Data extracted from a collection:
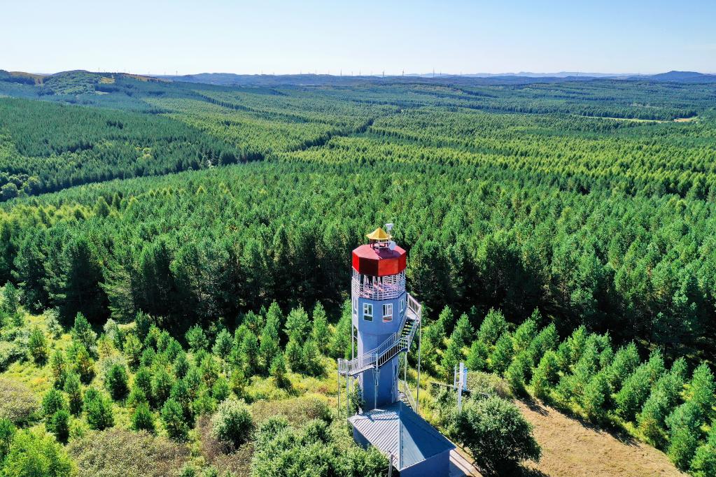 塞罕壩機械林場內(nèi)的望海樓(2021年8月23日攝,無人機照片)。新華社記者牟宇攝
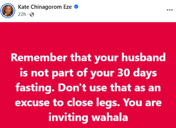 A Nigerian lady, Kate Chinagorom Eze has a word for women engaging in fasting and neglecting their marital obligations.
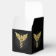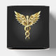 Gold polygonal Caduceus symbols on black isolated background. Low poly symbol of medicine.
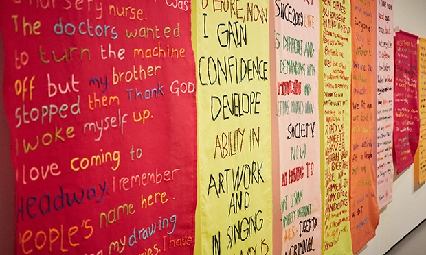 Personal accounts of brain injury have also been embroidered into banners, and guests can also listen to podcasts featuring survivors’ stories in their own words.
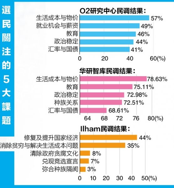 华研智库的调查结果显示,高达78.6%的受访者认为生活费和物价高涨是人民当前所面临的主要课题;O2研究中心和Ilham的调查提到,分别有57%和35%的民众寄望新政府消除贫穷、解决生活费及物价高涨的问题。

YOUR GOAL:
Reproduce all of the records above exactly, but exclude the pictures.

TASK RESPONSE:
 塞罕壩機械林場內(nèi)的望海樓(2021年8月23日攝,無人機照片)。新華社記者牟宇攝
 A Nigerian lady, Kate Chinagorom Eze has a word for women engaging in fasting and neglecting their marital obligations.
 Gold polygonal Caduceus symbols on black isolated background. Low poly symbol of medicine.
 Personal accounts of brain injury have also been embroidered into banners, and guests can also listen to podcasts featuring survivors’ stories in their own words.
 华研智库的调查结果显示,高达78.6%的受访者认为生活费和物价高涨是人民当前所面临的主要课题;O2研究中心和Ilham的调查提到,分别有57%和35%的民众寄望新政府消除贫穷、解决生活费及物价高涨的问题。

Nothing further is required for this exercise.